Entre 1945 et 1955, Albert Gau manifeste une importante activité parlementaire. Il est membre de nombreuses commissions : Marine marchande et des pêches (1946), Travail et Sécurité sociale (1946), Presse (1949). A cela il faut ajouter son rôle de juré de la Haute cour de justice (1947) et secrétaire de la commission de la coordination de l'énergie atomique (1955). Il partira de cette dernière lorsqu'on envisagea de fabriquer la bombe atomique. Il rédige 10 propositions de loi de 1946 à 1951 et une quinzaine entre 1951 et 1955.
Sa première intervention à la tribune date du 1er octobre 1946. D'emblée, il se place du côté des masses laborieuses et comme défenseur de la justice sociale. Concernant les crimes de l'Occupation, il prône le pardon et l'union. Ce qui le distingue des communistes c'est son aversion pour les méthodes staliniennes. En particulier, celles infligées au cardinal Mindszenty, primat de Budapest, opposant au communisme jugé et incarcéré. Parmi ses souvenirs les plus chers, c'est sa rencontre avec Tito avec le Président de l'Assemblée Nationale. Il s'agissait de créer de nouveaux liens avec la Yougoslavie et poursuivre le socialisme de Jaurès.

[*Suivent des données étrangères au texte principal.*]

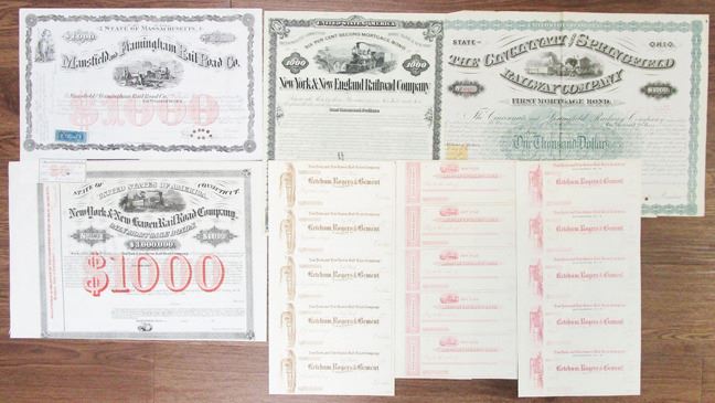 New York, Massachusetts, Ohio. Assortment of Railroad related Items, Includes: Mansfield Framingham Rail Road Co., I/C Bond; New York & New Haven Rail Road Co., Unissued Bond; Cincinnati and Springfield Railway Co., I/C Bond; New York & New England Railroad Co. I/U Bond; N.Y. & N.H. Railroad Co. Uncut Sheet of Unissued Checks; New York and New Haven Rail Road Co. Uncut Sheet of Unissued Checks (2). Pieces are in Fine-VF condition. (7). Sold "AS IS" no returns accepted.

Sur les bancs de l'Assemblée, Albert Gau siège avec d'autres ecclésiastiques : Le Chanoine Kir, l'Abbé Pierre et l'Abbé Boganda. Ils n'avaient pas les mêmes préoccupations ou, tout du moins, ne les exprimaient pas publiquement. L'ami de Pierre Mendes-France avoua "avoir veillé à ne jamais être vu sous l'angle d'un parti. Je crois être resté resté l'ami de tous, avec plus d'amitié à gauche qu'à droite. Mais l'Evangile n'est pas neutre".
La torture en Algérie
Le 31 mars 1955, il brise un tabou alerté par des séminaristes. Il faut faire cesser la torture en Algérie ! Simone de Beauvoir, dans son libre "La force des choses" (Folio/Seuil - 1963), écrit : "Un député MRP, l'Abbé Gau, dénonça à l'Assemblée les méthodes employées en Algérie par la police et dignes de la Gestapo. On l'écouta distraitement, et un peu plus tard on décréta l'Etat d'urgence."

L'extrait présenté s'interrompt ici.